- Born: Therese O'Malley May 16, 1933 New York City, U.S.
- Died: December 18, 2025 (aged 92) Pasadena, California, U.S.
- Education: College of New Rochelle (B.A.)
- Occupation: Baseball owner
- Spouse: Roland Seidler Jr. ​ ​(m. 1958; died 2008)​
- Children: 10, including John and Peter
- Parents: Walter O'Malley (father); Katherine "Kay" Hanson (mother);
- Relatives: Peter O'Malley (brother)

= Terry O'Malley Seidler =

American baseball owner and executive (1933–2025)

Therese O'Malley Seidler (May 16, 1933 – December 18, 2025) was an American baseball team owner and executive. She owned the Los Angeles Dodgers from 1979 to 1997, alongside her brother, Peter O'Malley. She was one of a few women to serve as the principal owner of a Major League Baseball team, inheriting half the team after the death of her father, Walter O'Malley. Later on, she became a part-owner of the San Diego Padres, alongside her children and brother.

==Early life==
Born Therese "Terry" O'Malley in New York City on May 16, 1933, she was the eldest child of Katherine "Kay" and Walter O'Malley. Her younger brother, Peter, was born in 1937. She spent her early life split between Amityville and Brooklyn.

O'Malley attended Froebel Academy and graduated from St. Francis Xavier Academy in Brooklyn. She enrolled at the College of New Rochelle where she played basketball and softball.

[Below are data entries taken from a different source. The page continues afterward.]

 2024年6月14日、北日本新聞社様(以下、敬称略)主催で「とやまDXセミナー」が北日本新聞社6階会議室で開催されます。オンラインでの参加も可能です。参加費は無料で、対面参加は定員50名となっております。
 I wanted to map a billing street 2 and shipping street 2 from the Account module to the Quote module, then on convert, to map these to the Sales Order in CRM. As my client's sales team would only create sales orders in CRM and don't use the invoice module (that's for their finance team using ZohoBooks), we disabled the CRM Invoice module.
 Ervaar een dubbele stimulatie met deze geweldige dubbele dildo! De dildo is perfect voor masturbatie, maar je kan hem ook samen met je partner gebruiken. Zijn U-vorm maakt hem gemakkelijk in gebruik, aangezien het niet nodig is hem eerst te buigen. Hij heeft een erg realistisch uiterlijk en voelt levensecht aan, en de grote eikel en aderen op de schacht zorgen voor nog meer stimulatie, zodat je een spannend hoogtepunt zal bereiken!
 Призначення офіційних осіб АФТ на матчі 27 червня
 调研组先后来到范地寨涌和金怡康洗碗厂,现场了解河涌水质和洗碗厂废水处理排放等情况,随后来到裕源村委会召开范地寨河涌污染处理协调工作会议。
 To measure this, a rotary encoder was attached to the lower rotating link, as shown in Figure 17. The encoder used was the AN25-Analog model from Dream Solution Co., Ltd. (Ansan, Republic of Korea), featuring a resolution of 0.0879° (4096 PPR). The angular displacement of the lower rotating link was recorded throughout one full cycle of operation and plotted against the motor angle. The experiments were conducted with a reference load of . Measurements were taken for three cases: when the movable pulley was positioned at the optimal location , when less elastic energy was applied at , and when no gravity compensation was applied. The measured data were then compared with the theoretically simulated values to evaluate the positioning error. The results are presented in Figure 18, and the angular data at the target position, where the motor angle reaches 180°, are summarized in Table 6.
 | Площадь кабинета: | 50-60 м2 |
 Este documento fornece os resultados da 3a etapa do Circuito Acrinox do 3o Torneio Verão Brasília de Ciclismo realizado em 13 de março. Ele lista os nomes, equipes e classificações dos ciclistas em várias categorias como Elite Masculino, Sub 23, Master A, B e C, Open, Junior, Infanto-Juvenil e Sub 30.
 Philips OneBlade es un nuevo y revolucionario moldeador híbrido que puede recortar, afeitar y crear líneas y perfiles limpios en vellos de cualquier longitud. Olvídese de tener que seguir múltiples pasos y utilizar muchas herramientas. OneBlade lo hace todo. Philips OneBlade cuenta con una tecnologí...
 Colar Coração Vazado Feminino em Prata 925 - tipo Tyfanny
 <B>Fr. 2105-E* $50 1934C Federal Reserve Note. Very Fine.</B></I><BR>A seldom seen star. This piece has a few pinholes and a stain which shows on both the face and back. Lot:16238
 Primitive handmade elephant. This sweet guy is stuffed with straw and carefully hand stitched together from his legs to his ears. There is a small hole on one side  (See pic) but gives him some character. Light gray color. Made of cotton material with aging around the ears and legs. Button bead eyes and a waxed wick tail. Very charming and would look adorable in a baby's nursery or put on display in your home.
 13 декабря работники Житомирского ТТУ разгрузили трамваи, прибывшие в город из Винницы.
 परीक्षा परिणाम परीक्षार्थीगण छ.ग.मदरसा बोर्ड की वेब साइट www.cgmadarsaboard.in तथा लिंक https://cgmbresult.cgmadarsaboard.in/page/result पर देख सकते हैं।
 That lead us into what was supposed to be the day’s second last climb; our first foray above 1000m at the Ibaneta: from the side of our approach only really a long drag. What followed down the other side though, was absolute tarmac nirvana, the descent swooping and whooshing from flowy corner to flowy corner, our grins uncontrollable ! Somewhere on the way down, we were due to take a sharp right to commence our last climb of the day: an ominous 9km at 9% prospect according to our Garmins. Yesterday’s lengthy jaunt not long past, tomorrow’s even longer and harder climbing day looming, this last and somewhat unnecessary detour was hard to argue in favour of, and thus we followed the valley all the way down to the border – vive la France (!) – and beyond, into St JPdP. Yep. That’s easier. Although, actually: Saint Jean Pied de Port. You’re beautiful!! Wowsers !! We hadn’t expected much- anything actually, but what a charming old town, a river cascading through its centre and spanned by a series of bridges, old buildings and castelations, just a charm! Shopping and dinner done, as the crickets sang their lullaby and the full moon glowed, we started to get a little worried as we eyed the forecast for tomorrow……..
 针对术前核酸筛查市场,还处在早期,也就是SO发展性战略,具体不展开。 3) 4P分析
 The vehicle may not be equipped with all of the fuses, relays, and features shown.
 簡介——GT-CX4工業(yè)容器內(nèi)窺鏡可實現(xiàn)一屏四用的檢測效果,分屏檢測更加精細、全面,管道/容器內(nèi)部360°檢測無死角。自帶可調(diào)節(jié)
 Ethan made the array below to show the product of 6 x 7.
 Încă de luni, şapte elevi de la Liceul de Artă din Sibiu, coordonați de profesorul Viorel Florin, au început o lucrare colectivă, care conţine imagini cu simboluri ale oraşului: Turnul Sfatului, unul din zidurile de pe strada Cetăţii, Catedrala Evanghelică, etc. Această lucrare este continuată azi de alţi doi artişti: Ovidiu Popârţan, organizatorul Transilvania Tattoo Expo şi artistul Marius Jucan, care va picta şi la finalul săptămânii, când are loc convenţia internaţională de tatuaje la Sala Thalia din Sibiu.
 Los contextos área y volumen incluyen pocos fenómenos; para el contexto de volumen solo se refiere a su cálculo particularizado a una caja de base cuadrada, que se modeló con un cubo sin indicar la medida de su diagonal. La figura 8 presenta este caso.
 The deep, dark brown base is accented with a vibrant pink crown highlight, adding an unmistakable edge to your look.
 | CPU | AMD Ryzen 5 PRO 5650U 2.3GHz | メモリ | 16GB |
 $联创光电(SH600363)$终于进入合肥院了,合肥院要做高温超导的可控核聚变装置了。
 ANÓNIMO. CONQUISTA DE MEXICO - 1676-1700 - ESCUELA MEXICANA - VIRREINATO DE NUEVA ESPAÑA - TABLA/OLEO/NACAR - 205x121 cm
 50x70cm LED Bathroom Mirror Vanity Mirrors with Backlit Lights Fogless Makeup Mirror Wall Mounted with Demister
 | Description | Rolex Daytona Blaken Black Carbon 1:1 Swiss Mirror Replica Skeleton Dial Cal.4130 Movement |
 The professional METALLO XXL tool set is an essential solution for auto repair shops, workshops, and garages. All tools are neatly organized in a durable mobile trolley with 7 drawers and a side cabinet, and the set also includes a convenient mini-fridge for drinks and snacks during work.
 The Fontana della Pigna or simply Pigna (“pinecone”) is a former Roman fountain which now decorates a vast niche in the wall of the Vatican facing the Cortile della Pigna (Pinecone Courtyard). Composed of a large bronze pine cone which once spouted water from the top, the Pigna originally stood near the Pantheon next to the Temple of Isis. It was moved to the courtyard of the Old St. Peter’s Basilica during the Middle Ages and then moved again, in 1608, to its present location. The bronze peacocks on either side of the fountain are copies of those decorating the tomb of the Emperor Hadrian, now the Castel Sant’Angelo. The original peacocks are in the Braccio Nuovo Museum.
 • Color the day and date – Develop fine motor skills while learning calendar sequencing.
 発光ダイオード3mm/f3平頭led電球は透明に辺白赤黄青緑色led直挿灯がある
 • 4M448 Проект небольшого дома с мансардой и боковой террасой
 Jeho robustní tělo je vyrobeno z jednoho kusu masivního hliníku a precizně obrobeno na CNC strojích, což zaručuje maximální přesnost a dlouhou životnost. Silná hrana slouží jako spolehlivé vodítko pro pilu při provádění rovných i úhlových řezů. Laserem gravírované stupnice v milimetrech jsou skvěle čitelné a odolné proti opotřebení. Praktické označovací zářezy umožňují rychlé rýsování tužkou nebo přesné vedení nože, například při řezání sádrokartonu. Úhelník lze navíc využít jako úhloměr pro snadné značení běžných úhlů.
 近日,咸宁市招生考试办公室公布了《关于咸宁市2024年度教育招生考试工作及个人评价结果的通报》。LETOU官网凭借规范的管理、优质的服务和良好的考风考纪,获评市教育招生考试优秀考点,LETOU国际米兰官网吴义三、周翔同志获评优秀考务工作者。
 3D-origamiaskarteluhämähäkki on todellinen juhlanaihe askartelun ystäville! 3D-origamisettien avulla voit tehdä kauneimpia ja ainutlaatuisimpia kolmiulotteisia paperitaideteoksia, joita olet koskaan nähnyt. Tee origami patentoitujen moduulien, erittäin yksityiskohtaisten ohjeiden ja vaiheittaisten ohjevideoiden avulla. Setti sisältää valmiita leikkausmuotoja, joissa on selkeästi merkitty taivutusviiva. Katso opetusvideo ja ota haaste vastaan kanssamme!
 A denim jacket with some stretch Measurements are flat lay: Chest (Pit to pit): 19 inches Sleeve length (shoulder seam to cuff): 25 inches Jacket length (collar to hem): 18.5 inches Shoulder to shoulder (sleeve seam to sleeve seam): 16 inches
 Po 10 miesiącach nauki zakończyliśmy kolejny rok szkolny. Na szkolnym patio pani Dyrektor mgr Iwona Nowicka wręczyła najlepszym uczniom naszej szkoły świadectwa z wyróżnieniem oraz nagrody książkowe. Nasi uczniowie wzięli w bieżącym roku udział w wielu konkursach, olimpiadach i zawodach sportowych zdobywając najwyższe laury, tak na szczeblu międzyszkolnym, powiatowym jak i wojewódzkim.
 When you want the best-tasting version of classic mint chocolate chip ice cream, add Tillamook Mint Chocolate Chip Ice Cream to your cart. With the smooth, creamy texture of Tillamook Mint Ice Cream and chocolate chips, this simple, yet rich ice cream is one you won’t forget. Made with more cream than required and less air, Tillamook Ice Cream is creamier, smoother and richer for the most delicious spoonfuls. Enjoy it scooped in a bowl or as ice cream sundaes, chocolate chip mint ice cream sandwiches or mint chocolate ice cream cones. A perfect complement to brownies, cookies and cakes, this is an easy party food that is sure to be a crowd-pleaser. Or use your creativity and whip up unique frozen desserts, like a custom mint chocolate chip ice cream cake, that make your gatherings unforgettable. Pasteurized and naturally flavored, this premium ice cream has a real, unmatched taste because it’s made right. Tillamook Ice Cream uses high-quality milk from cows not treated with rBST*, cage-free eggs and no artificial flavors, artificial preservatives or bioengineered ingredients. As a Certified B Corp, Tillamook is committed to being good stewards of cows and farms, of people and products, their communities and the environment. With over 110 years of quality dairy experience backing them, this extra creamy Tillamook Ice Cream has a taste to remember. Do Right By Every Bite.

Besides being elected class president as a freshman and Mission Queen as a senior, she also served as a member of the student council in 1953–1954. As a member of the Narrasketuck Yacht Club in Amityville, she took part in sailboat racing. Her hobbies also included ice skating and swimming.

==Career==
Upon graduating from college, O'Malley served as executive secretary for three summers for the Dodgertown Summer Camp for Boys in Vero Beach, Florida. When the Dodgers moved to Los Angeles, O'Malley moved to California with her family. She worked as her father's personal secretary.

After marrying Roland Seidler, O'Malley Seidler devoted herself to her family. In 1978, she returned to the Dodgers executive office and served on their board of directors. She and Peter O'Malley, who had been serving as president of the team for a few years, inherited the team outright upon the death of their father in 1979. In 1981, Seidler was named corporate secretary of the Dodgers' board of directors, a role she remained through 1998, when the O'Malleys sold the team to Rupert Murdoch's News Corp.

In 2012, on the 50th anniversary of the opening of Dodger Stadium, Seidler threw out the ceremonial first pitch. Her mother Kay had thrown the ceremonial first pitch on the stadium's inaugural opening day on April 10, 1962. Through the efforts of her son Peter Seidler, she came to be part-owner of the San Diego Padres along with him, for a time.

===Historic Dodgertown===
In 2012, Seidler and O'Malley both joined efforts to buy Dodgertown, the Dodgers' spring training facility in Vero Beach, Florida, until they moved to Camelback Ranch in Arizona. The old facility was about to be torn down due to Indian River County's inability to find a willing tenant. The facility was turned into a year-round multi-sport training and conference center. Thanks to the efforts of the O'Malleys, Historic Dodgertown became a Florida Heritage Landmark on November 10, 2014.

==Personal life and death==
Seidler married Los Angeles native and businessman Roland "Rollie" Seidler in October 1958. They had met earlier that year, during a doubleheader between the Dodgers and the Philadelphia Phillies at the Los Angeles Coliseum on May 4. The couple remained married until his death in June 2008 at their home in Pasadena, California. They had ten children together, including John and Peter Seidler. Peter was the principal owner and chairman of the San Diego Padres until his death in 2023, and John succeeded him as chairman in February 2025.

Seidler worked as a Sunday school teacher until a very old age. She died on December 18, 2025, at the age of 92.